Records from a data collection
____________

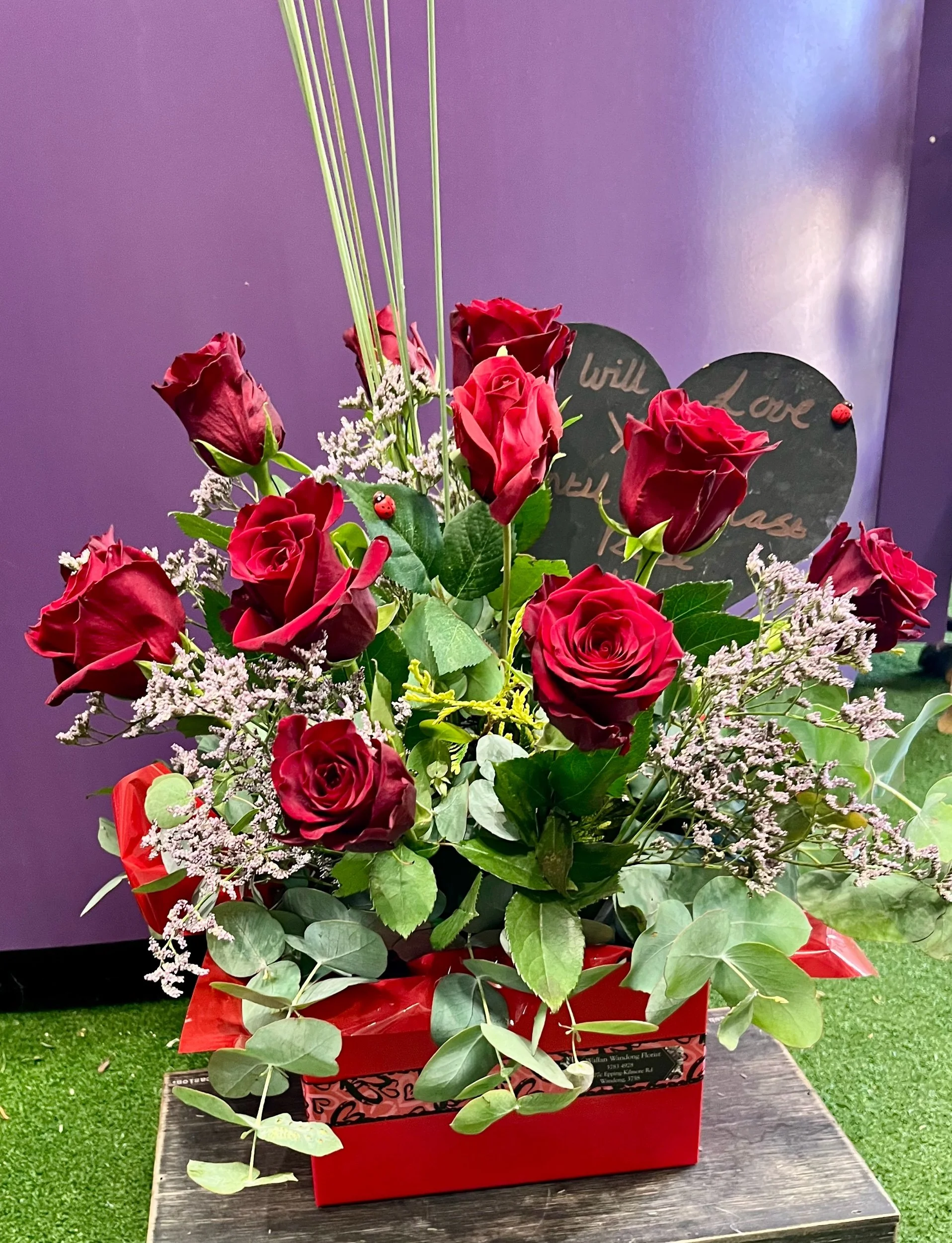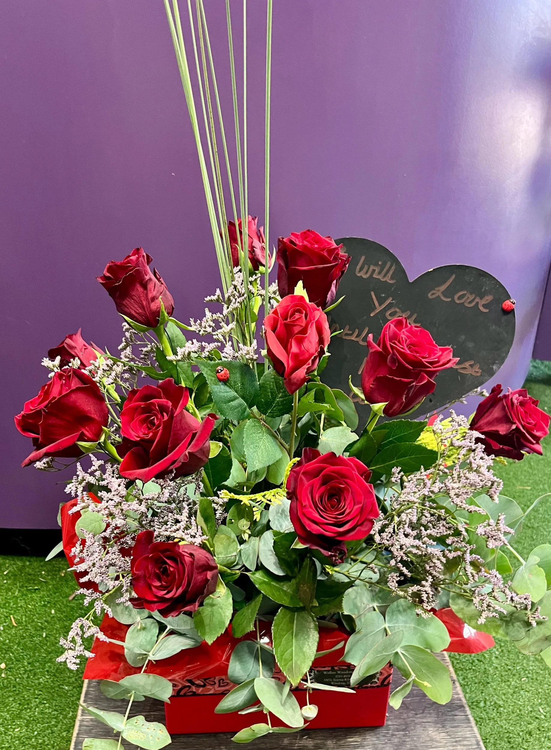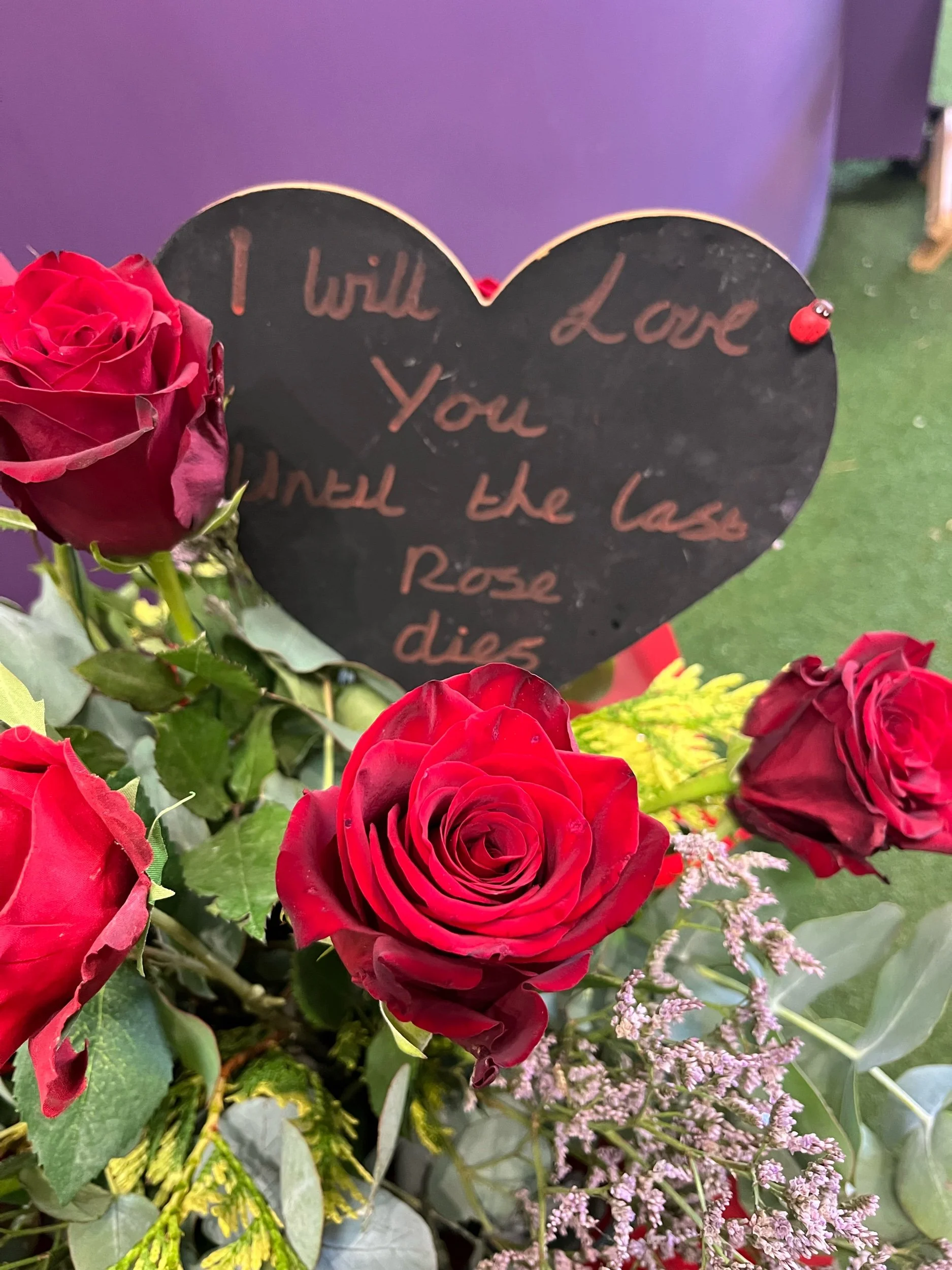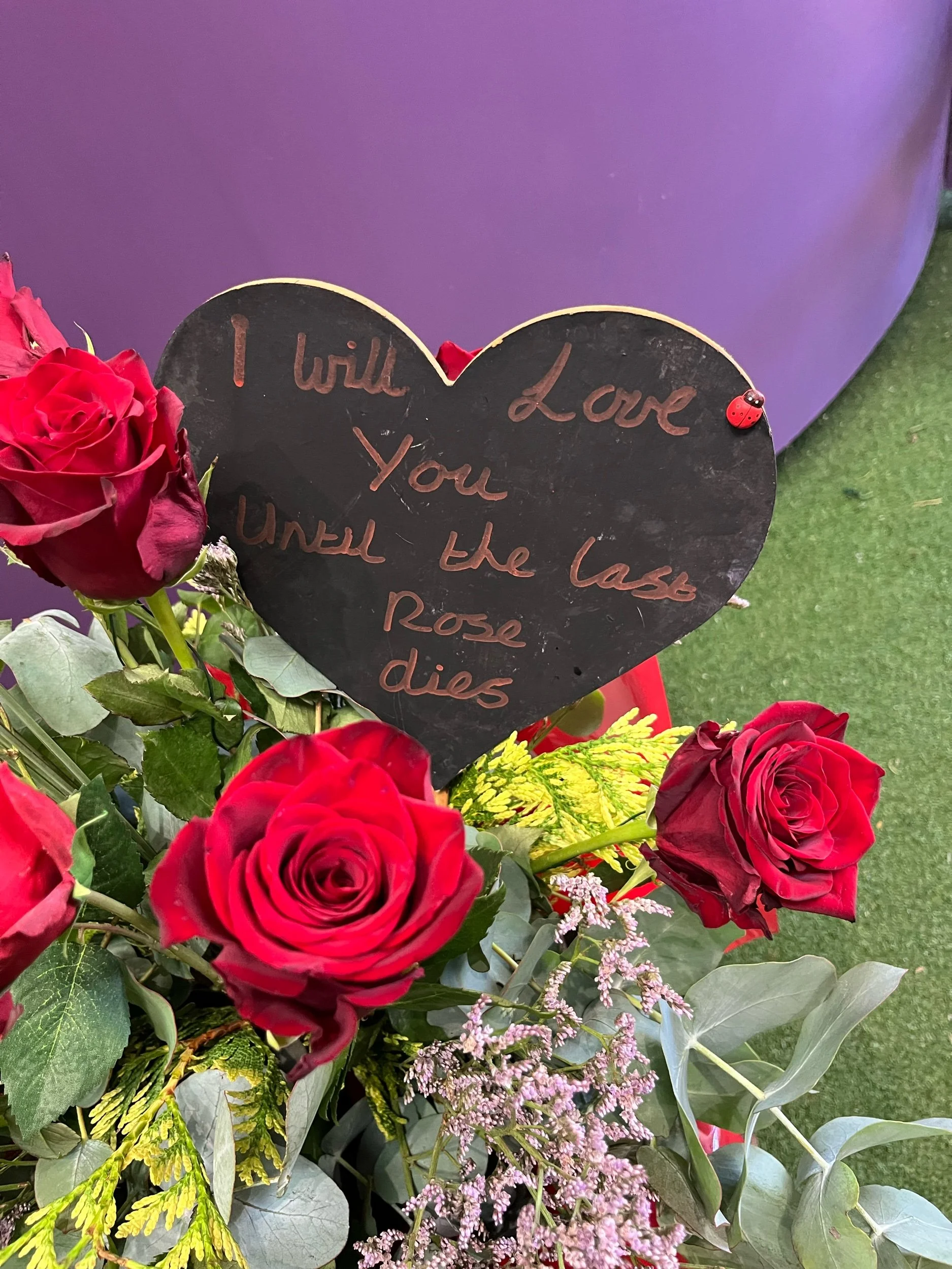 This arrangement is made up of eleven fresh roses and one artificial. It comes with a love heart blackboard reading, I will love you until the last rose dies. πππΉ
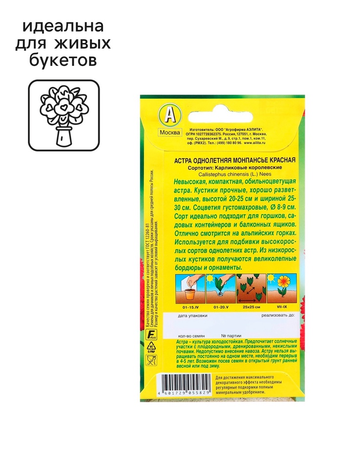 Невысокая компактная астра с необычайно обильным цветением. Густомахровые соцветия 6-7 см настолько плотно покрывают растения, что листвы почти не видно. Кусты прочные, хорошо разветвленные, высотой 15-20 см и шириной 25-30 см. Растения холодостойкие, хорошо переносят заморозки до -3...-4°С. Для выращиванияв горшках, садовых контейнерах и балконных ящиках, в бордюрах.
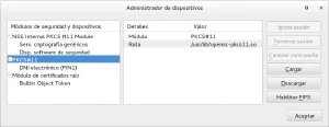- Archivo del módulo: en el caso de Arch Linux debemos poner «/usr/lib/opensc-pkcs11.so», en otras distribuciones será algo similar si no es lo mismo.
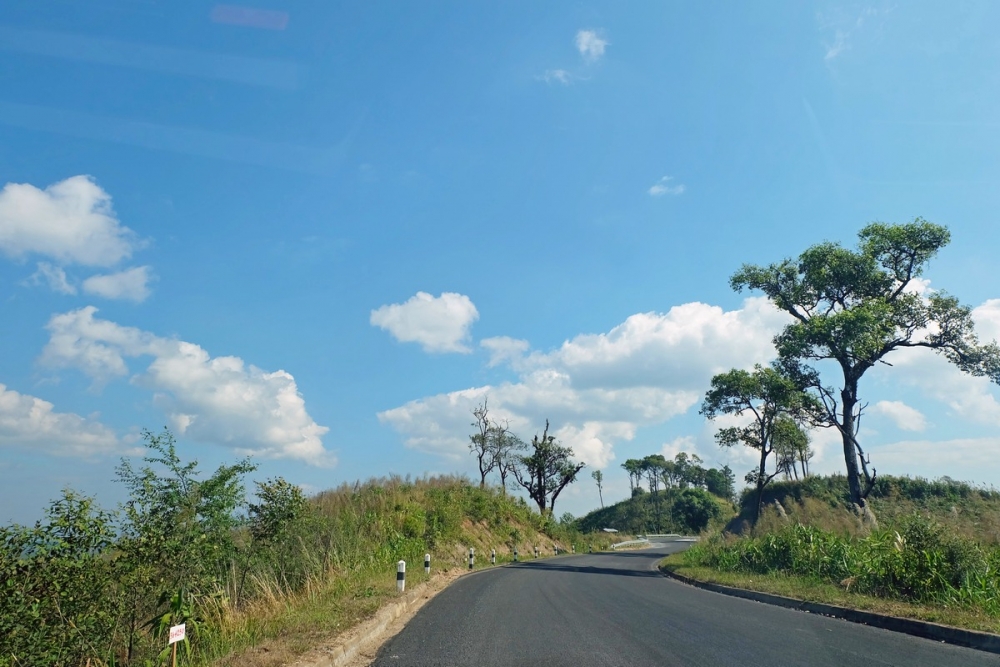หลังจากเดินทางออกจากหมู่บ้านแพมบก เราก็ออกเดินทางกันต่อเพื่อมายังบ้านเหมืองแร่ เพื่อเข้าสู่ถนนสายหลัก 1265 มุ่งหน้า อ.กัลยาฯ สภาพเส้นทาง ลาดยาง บางช่วงเป็นหลุมบ้าง แต่โดยรวมสภาพดี เส้นทางไม่ได้ชันมาก ขับสบายๆ เรื่อยๆ ชิลๆ ชมวิวป่าเปลี่ยนสี (ช่วงที่ไปคือต้นเดือน ก.พ. 2560)
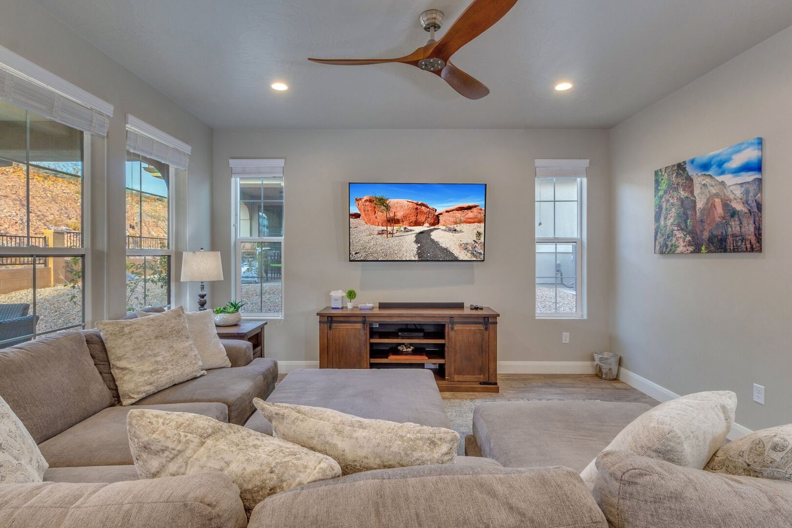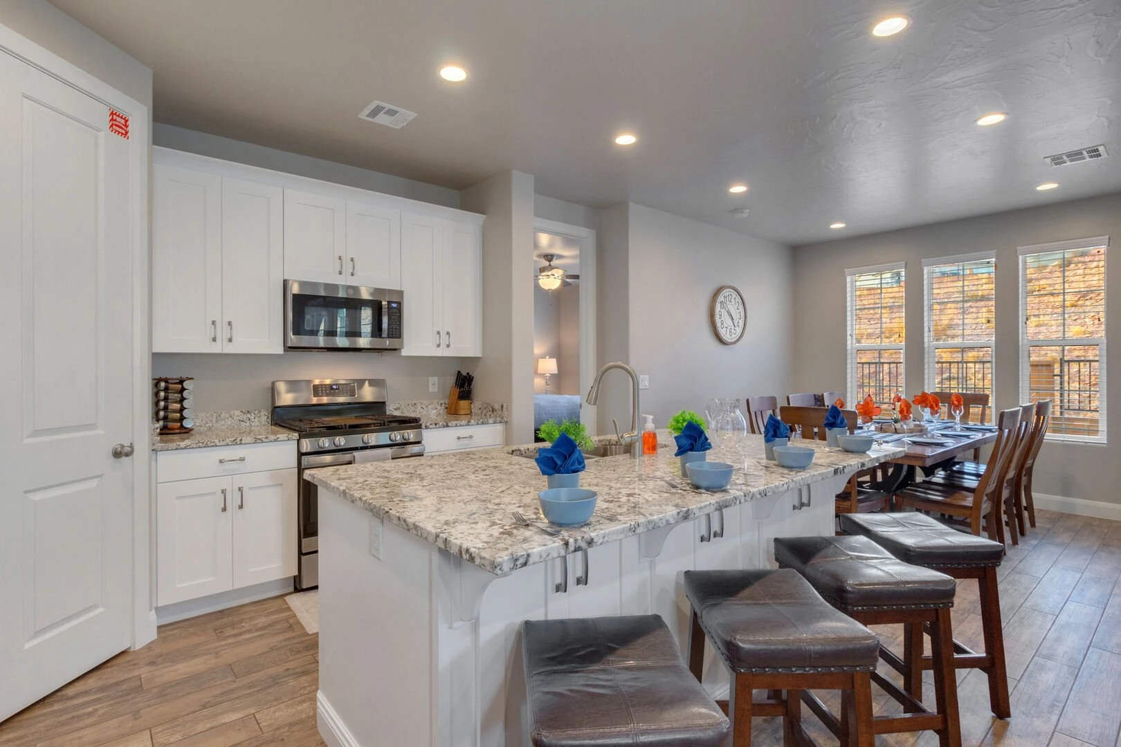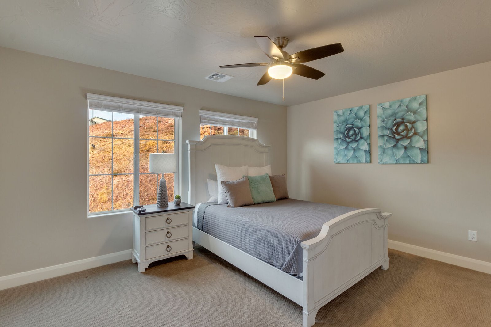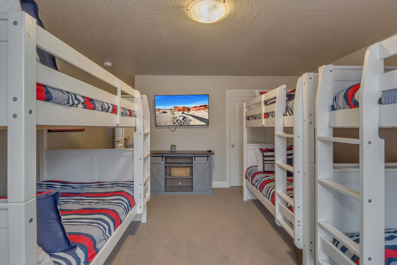 Enjoy a relaxing getaway at Escondido Escape, the perfect desert vacation destination! Spend your days exploring the beauty of Southern Utah with easy freeway access to Sand Hollow State Park and Zion National Park. Come home to your home-away-from-home and enjoy challenging each other to a match on the Ping Pong table or watching the sunset around the outdoor fireplace. Cook some delicious food on the grill or in the beautifully stocked kitchen. With a bunk room and kids’ amenities, this vacation home is sure to be perfect for the whole family!
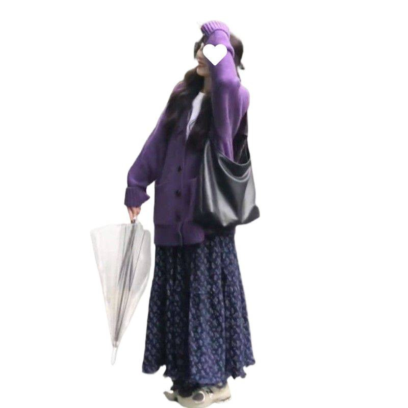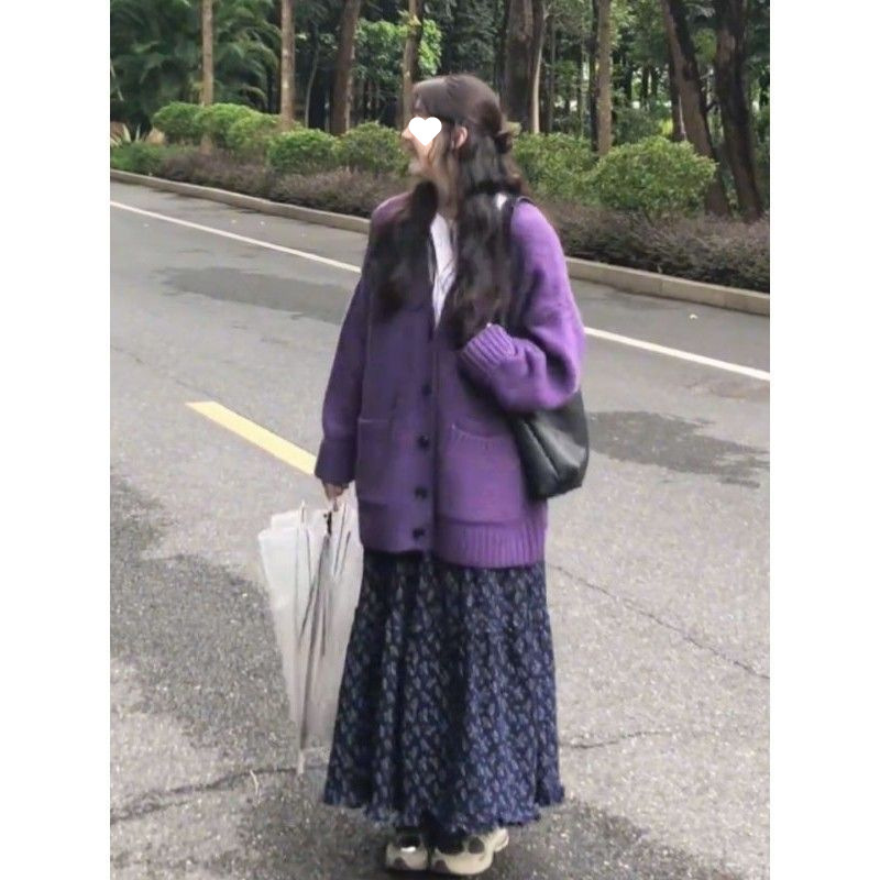 温柔慵懒风时尚套装女秋冬新款宽松毛衣开衫碎花半身裙两件套
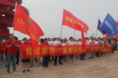 青建集團(tuán) “青建股份杯” 2015年職工健身跑(健步行)活動6月27日(周六)上午9:00在五四廣場“五月的風(fēng)”雕塑下舉行開幕式,共有來自青建系統(tǒng)各單位的500余名員工踴躍參加了本次活動,青建集團(tuán)執(zhí)行總裁朱廣君致辭并為方隊(duì)鳴哨開跑。
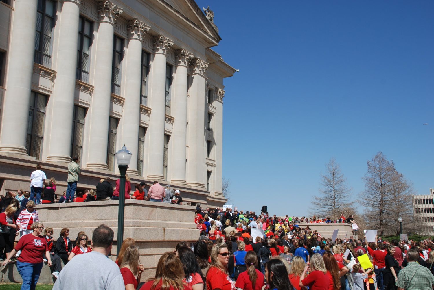 And in we go. After the rally, teachers and administrators went into the Capitol building to visit with our representatives. Long lines. Grouchy faces on those who tend to vote against education. Glad hands and big smiles from those who vote for education. I hope we made a difference.
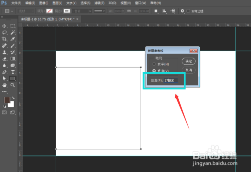 然后创建第二根参考线,第二根参考线是加上2cm的书脊厚度,也就是在19cm处成立

____________

* **Problem details**
Except for the pictures, give the data again word for word.

* **Solution to the exercise**
 This arrangement is made up of eleven fresh roses and one artificial. It comes with a love heart blackboard reading, I will love you until the last rose dies. πππΉ
 Невысокая компактная астра с необычайно обильным цветением. Густомахровые соцветия 6-7 см настолько плотно покрывают растения, что листвы почти не видно. Кусты прочные, хорошо разветвленные, высотой 15-20 см и шириной 25-30 см. Растения холодостойкие, хорошо переносят заморозки до -3...-4°С. Для выращиванияв горшках, садовых контейнерах и балконных ящиках, в бордюрах.
- Archivo del módulo: en el caso de Arch Linux debemos poner «/usr/lib/opensc-pkcs11.so», en otras distribuciones será algo similar si no es lo mismo.
หลังจากเดินทางออกจากหมู่บ้านแพมบก เราก็ออกเดินทางกันต่อเพื่อมายังบ้านเหมืองแร่ เพื่อเข้าสู่ถนนสายหลัก 1265 มุ่งหน้า อ.กัลยาฯ สภาพเส้นทาง ลาดยาง บางช่วงเป็นหลุมบ้าง แต่โดยรวมสภาพดี เส้นทางไม่ได้ชันมาก ขับสบายๆ เรื่อยๆ ชิลๆ ชมวิวป่าเปลี่ยนสี (ช่วงที่ไปคือต้นเดือน ก.พ. 2560)
 Enjoy a relaxing getaway at Escondido Escape, the perfect desert vacation destination! Spend your days exploring the beauty of Southern Utah with easy freeway access to Sand Hollow State Park and Zion National Park. Come home to your home-away-from-home and enjoy challenging each other to a match on the Ping Pong table or watching the sunset around the outdoor fireplace. Cook some delicious food on the grill or in the beautifully stocked kitchen. With a bunk room and kids’ amenities, this vacation home is sure to be perfect for the whole family!
 温柔慵懒风时尚套装女秋冬新款宽松毛衣开衫碎花半身裙两件套
 青建集團(tuán) “青建股份杯” 2015年職工健身跑(健步行)活動6月27日(周六)上午9:00在五四廣場“五月的風(fēng)”雕塑下舉行開幕式,共有來自青建系統(tǒng)各單位的500余名員工踴躍參加了本次活動,青建集團(tuán)執(zhí)行總裁朱廣君致辭并為方隊(duì)鳴哨開跑。
 And in we go. After the rally, teachers and administrators went into the Capitol building to visit with our representatives. Long lines. Grouchy faces on those who tend to vote against education. Glad hands and big smiles from those who vote for education. I hope we made a difference.
 然后创建第二根参考线,第二根参考线是加上2cm的书脊厚度,也就是在19cm处成立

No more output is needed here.